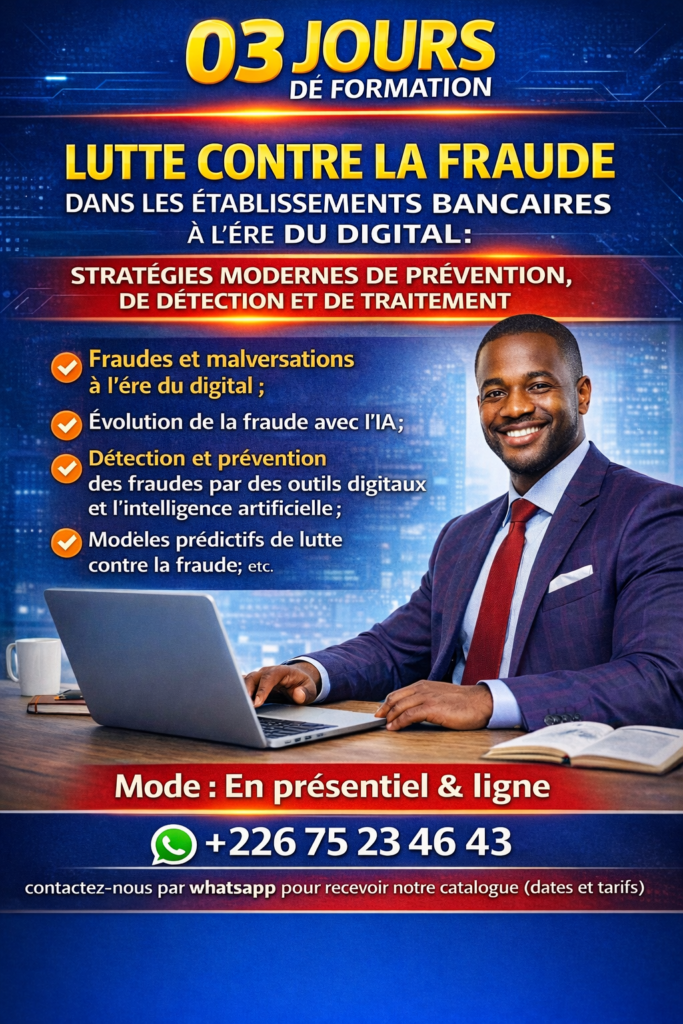 Contenu du programme – Fraudes et malversations à l’ère du digital ; – Évolution de la fraude avec l’IA ; – Détection et prévention des fraudes par des outils digitaux et l’intelligence artificielle ; – Modèles prédictifs de lutte contre la fraude ; etc. 4 études de cas pratiques. Ce séminaire vise à renforcer les capacités des participants en matière d’identification, de prévention, de détection et de traitement des risques de fraude au sein des établissements bancaires et des entreprises, en s’appuyant sur des stratégies modernes et des outils digitaux adaptés aux nouveaux enjeux. |
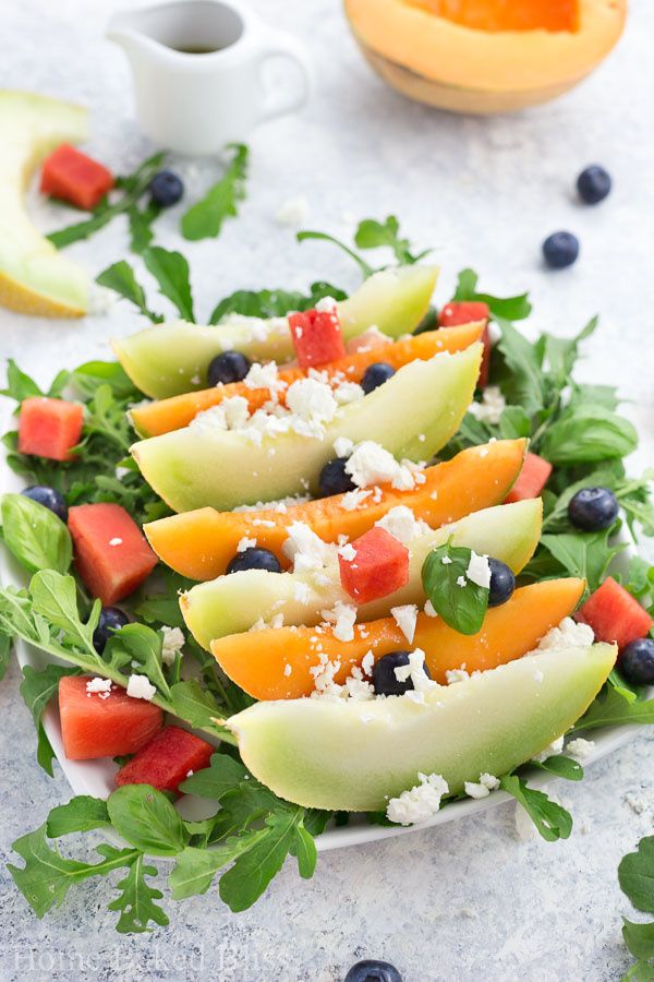 A refreshing and light summer salad composed of melons, watermelon, feta cheese and a drizzle of olive oil.
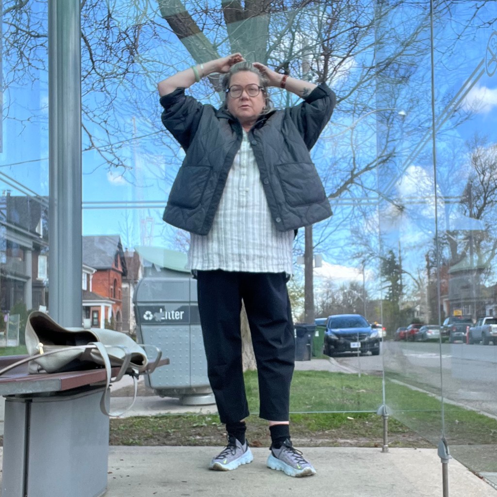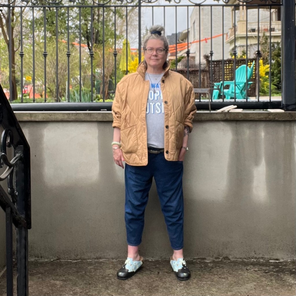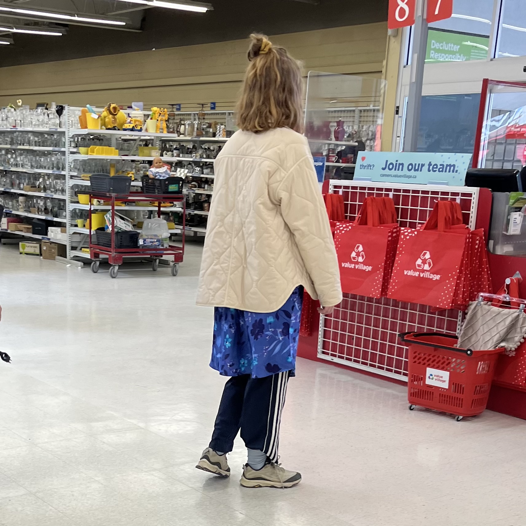 I saw this person at the Value Village and fell in love with the ensemble. This picture doesn’t come close to capturing the loveliness of the layering but trust me, it was next level. So I set about scouring the store for pieces that would approximate this look.
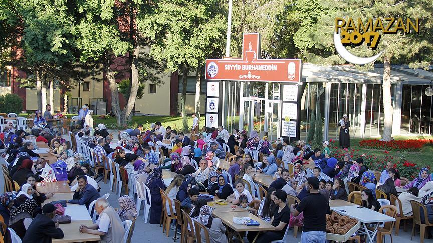 Asırlık çam ağaçları arasında yer alan Seyyid Burhaneddin Türbesi ve Mezarlığı, ramazan ayında vatandaşların iftar sofralarına ev sahipliği yapıyor. Her gün Büyükşehir Belediyesi tarafından yaklaşık 2 bin 500 kişiye burada iftar veriliyor.
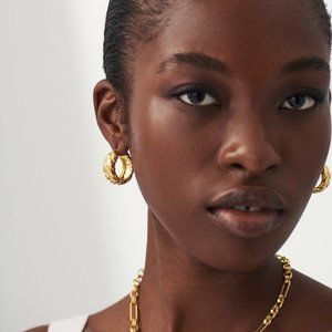 A standout addition to your ear stack. These chunky hoops are a Lucy Williams x Missoma favorite, featuring a vintage-inspired plaited texture that creates a distinctive finish. Wear solo or pair with Pavé huggies for an impactful look.
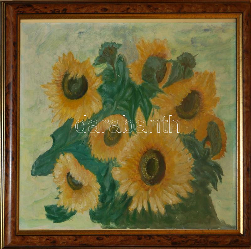 Ismeretlen alkotó: Napraforgók, olaj, karton, üvegezett jó keretben, https://www.darabanth.com/hu/169-Gyorsarveres/169.0/Festmeny-mutargy-papirregiseg-egyeb/Festmenyek-es-grafikak~4000001/Ismeretlen-alkoto-Napraforgok-olaj-karton-uvegezett-jo-keretben-~II546309
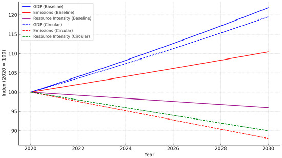 Projected indices of GDP, CO2 emissions, and resource intensity (2020 = 100) under two scenarios: business-as-usual (blue solid) and circular economy transition (green dashed). The circular economy scenario yields substantially lower emissions and faster gains in material efficiency, while maintaining GDP growth.
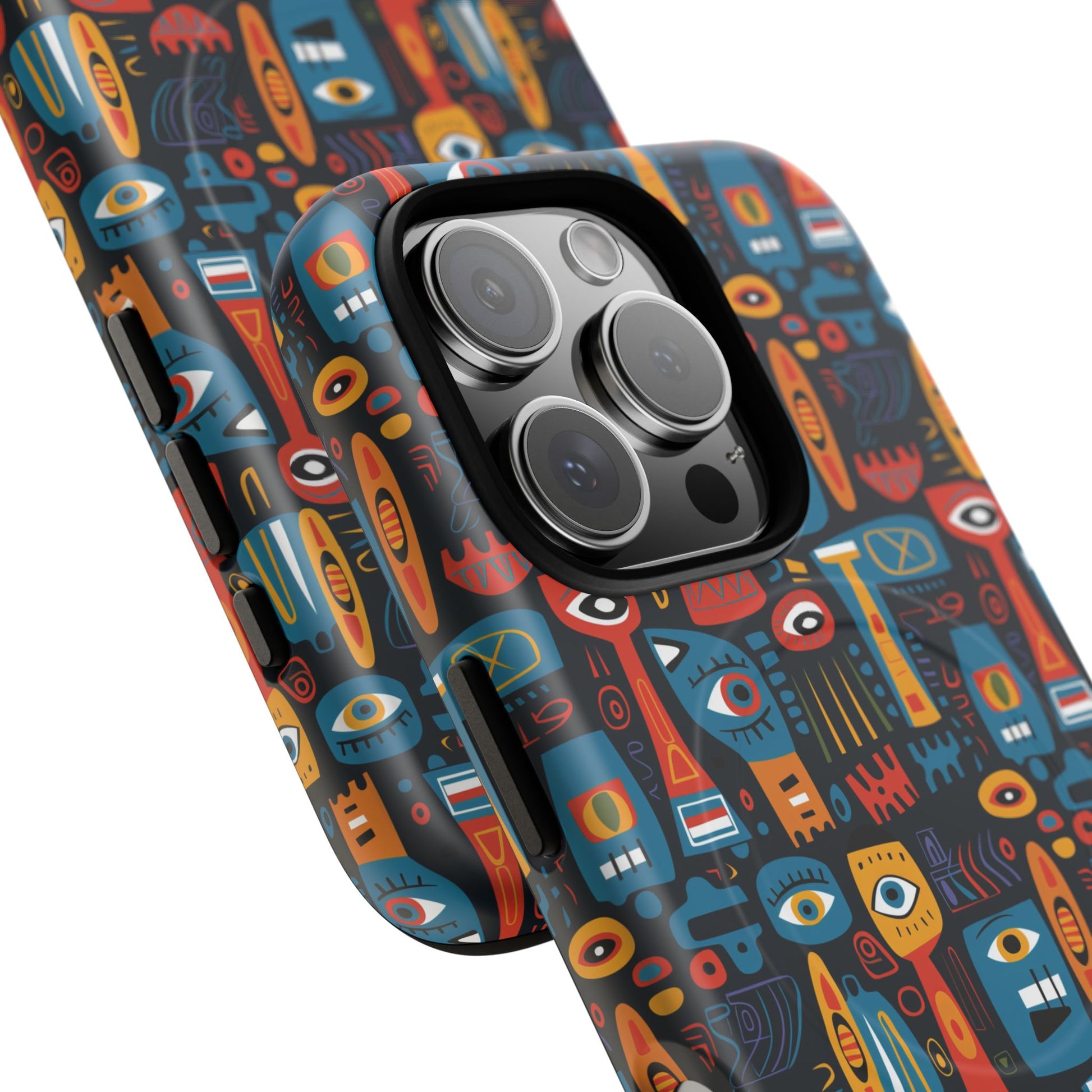 This slim, protective phone case brings bold, modern art to your everyday carry. A dual-layer shell combines a rigid polycarbonate exterior with a soft TPU silicone liner to absorb shocks and guard against drops. The all-over 3D wrap art features playful, abstract totem-like figures in rich teals, rusts, and golds that catch the eye from every angle. A built-in magnetic module keeps MagSafe® accessories aligned, while precise cutouts preserve easy access to ports and buttons. Finished in your choice of glossy or matte, it feels smooth in hand and resists wear so the design stays vibrant. It’s made with durable, impact-resistant materials and crafted with attention to detail in South Korea.
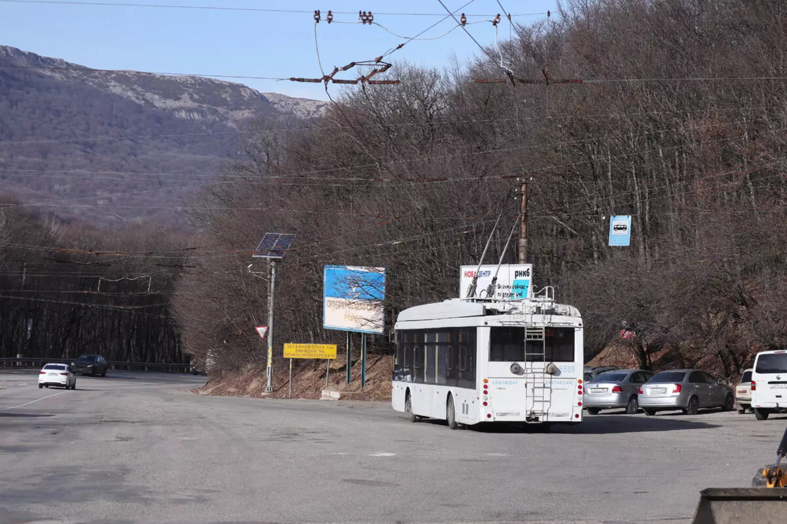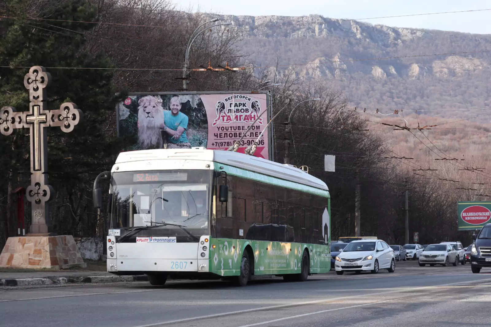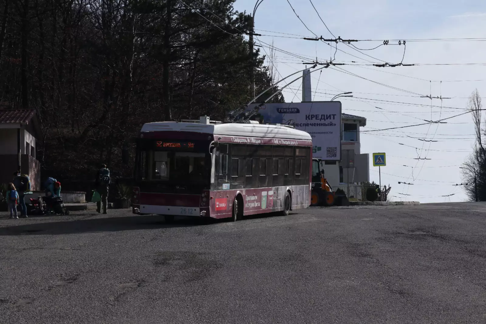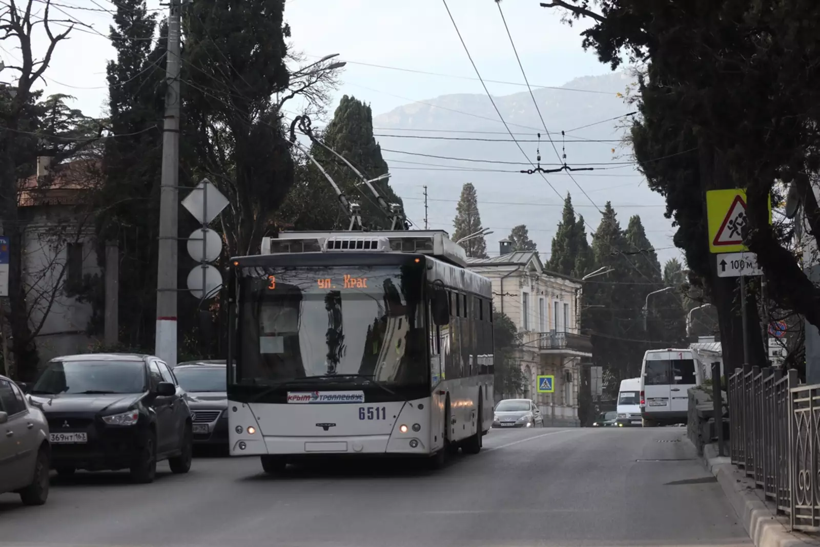 Есть ещё пригородные с обеих сторон. В Ялте это 42 до Никитского ботанического сада, а в Симферополе — 21 до Перевального. На нём встречаются вот такие трёхосные «Богданы».
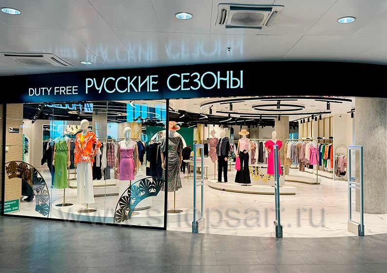 На этой странице Вы можете ознакомиться с фотографиями торгового оборудования в открытом магазине одежды DUTY FREE «РУССКИЕ СЕЗОНЫ», находящегося в зоне вылета международных рейсов аэропорта Пулково, Санкт-Петербург, на основе коллекции торговой мебели «ЗОЛОТАЯ ЛИНИЯ».
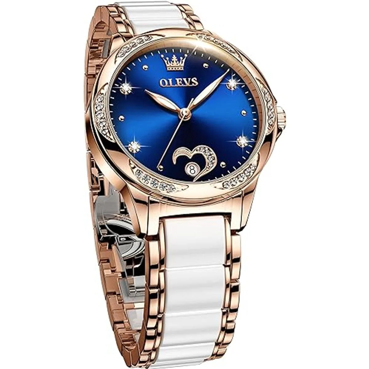 OLEVS Relojes automáticos para mujer, con diamantes de oro rosa, vestido de moda para mujer, reloj de cerámica de dos tonos, con fecha de corazón
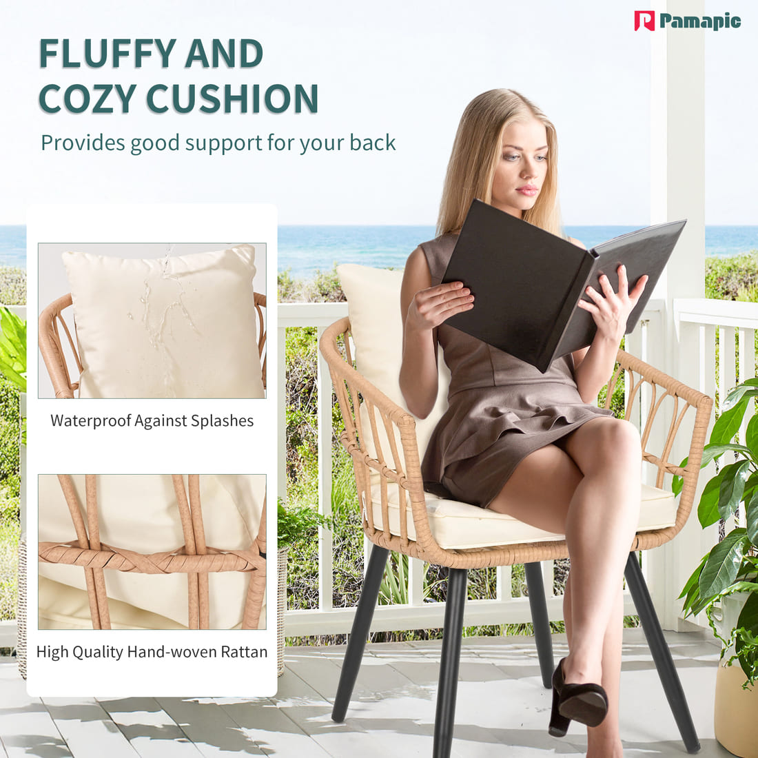 Pamapic Patio Round Dining Set with Wood Table Top & Wicker Rattan Chairs
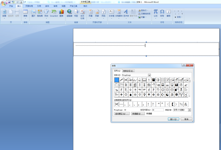 4、下面我们来插入一个剪刀,进入「插入」-「符号」-「符号」-「其他符号」,将字体选择为「Wingdings 」
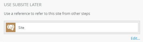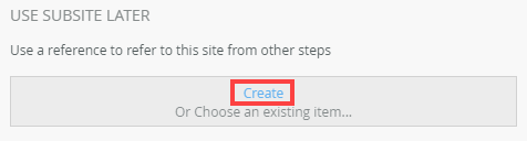 | Use Subsite Later | Allows you to create a reference to the subsite to use from other steps within the workflow. | Click the Create link to create a reference. Click the Edit link to edit the reference name. If you edited the reference name and want to reset it, click the Reset Name link. |
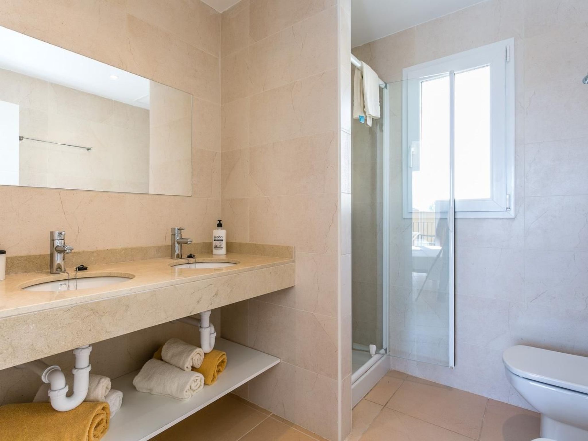 There is a covered and open terrace, as well as a private roof terrace with sea views. There is also a small private garden and a very large communal pool (including children's pool). The residential complex has a very spacious pool area. The complex has a café - restaurant area
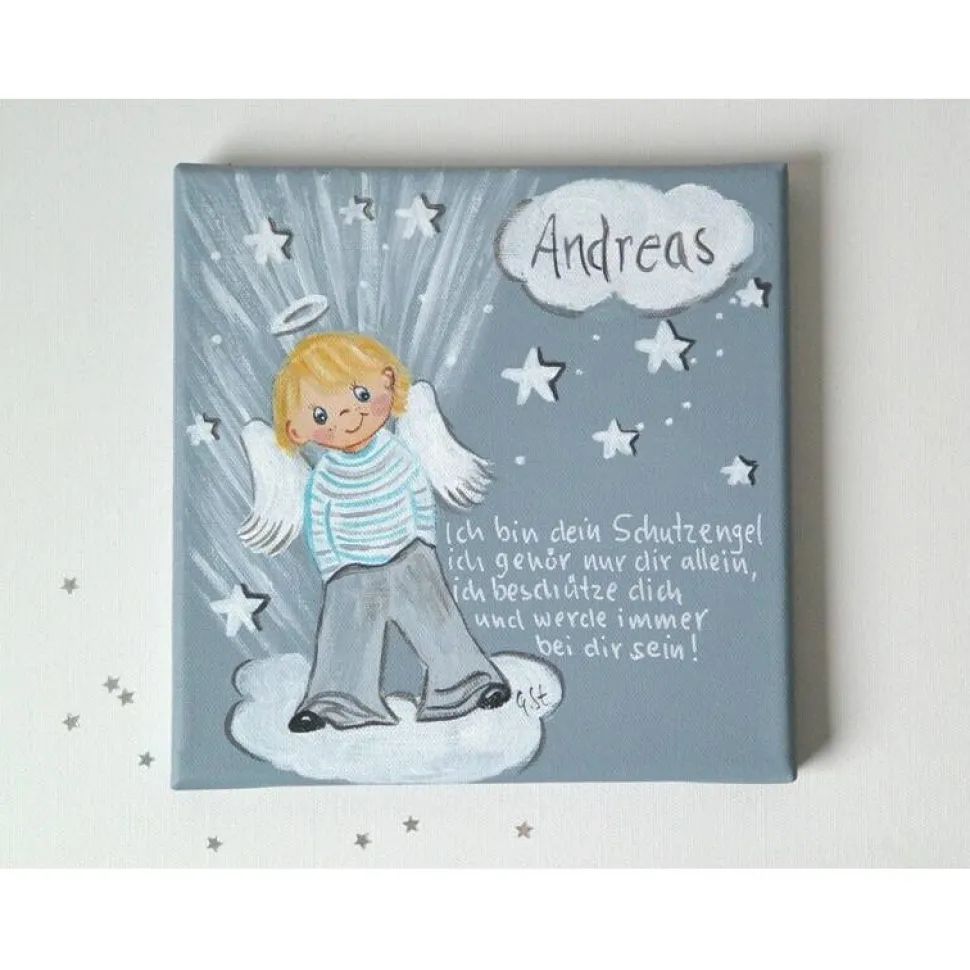 Suchen Sie ein einzigartiges Taufgeschenk für einen Jungen? Dieses handgemalte Schutzengelbild – ist ein bezauberndes Geschenk, das Herzen berührt! 🙂
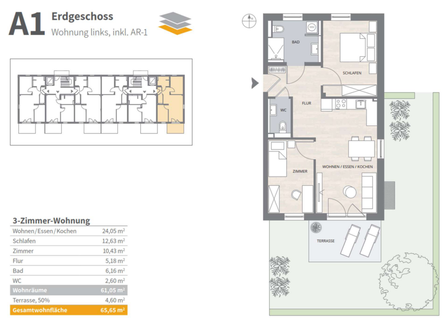 Die Erdgeschosswohnungen überraschen mit sonnigen Privatgärten, die Platz für entspannte Stunden im Freien bieten.

•••••

[Task instructions]
Set down nothing but the lines from the one containing "Name link. |" to the final line above, both included, with every picture left out.

[Response area]
 | Use Subsite Later | Allows you to create a reference to the subsite to use from other steps within the workflow. | Click the Create link to create a reference. Click the Edit link to edit the reference name. If you edited the reference name and want to reset it, click the Reset Name link. |
 There is a covered and open terrace, as well as a private roof terrace with sea views. There is also a small private garden and a very large communal pool (including children's pool). The residential complex has a very spacious pool area. The complex has a café - restaurant area
 Suchen Sie ein einzigartiges Taufgeschenk für einen Jungen? Dieses handgemalte Schutzengelbild – ist ein bezauberndes Geschenk, das Herzen berührt! 🙂
 Die Erdgeschosswohnungen überraschen mit sonnigen Privatgärten, die Platz für entspannte Stunden im Freien bieten.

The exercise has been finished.